The Indian education system is based on elitism, with educational accessibility serving as a major dividing line between various socioeconomic groups of a culture. The hierarchical organization of society based on caste or ‘varna’ – the caste system (‘varna vyavastha’) ascribed a rank to the person that marked virtually every aspect of Hindu social life – was one way in which this inequality manifested itself in ancient society. The caste status of a person dictated their privileges (or lack thereof). Many social, religious, and economic advantages were conferred on the upper-caste ‘brahmins,’ including education, while the lower castes were denied entry.

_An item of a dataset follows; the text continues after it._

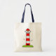 Beach theme tote bag with light house design. Nautical gift idea for beach bums and sailing enthusiasts. Colorful coastal illustration.

The government of the post-colonial Indian state attempted to resolve and abolish such disparities by enacting the Right to Education Act, which required all children under the age of 14 to attend school, as well as the Reservation Policy. In today’s coronavirus-shaped world, inequality is once again exposed: access to the internet and mobile devices, rather than one’s social status, has become the deciding factor.
The repercussions for the general population were immediate and serious when the Indian government declared a full lockdown on the 24th of March 2020 in the hopes of controlling a COVID-19 outbreak. The lockdown, in addition to triggering its own set of issues, revealed the education system’s existing flaws and deteriorating structure. This population did not include families living in poverty who could barely afford regular meals, let alone technological devices, emphasizing the ever-widening divide between the wealthy and the poor.
Online learning has had a positive effect on the education sector; it has sparked a desire for Open and Distance Learning (ODL), as the curriculum promotes self-learning and customization of the syllabus to the students’ needs. However, since the latter is only reaped by a small percentage of the population, the negative consequences greatly outweigh the positive.
Another effect of the curfew on Indian education has been a dramatic rise in the number of students dropping out. For most poor families, the economic fallout from the lockdown resulted in unemployment and a decline in earning power. Children were forced to drop out of school as a result, forcing them into the job market.
The Mid-Day Meal (MDM) programme, which aimed to provide food for students in government schools, was also lost as a result of the lockdown and subsequent school closure.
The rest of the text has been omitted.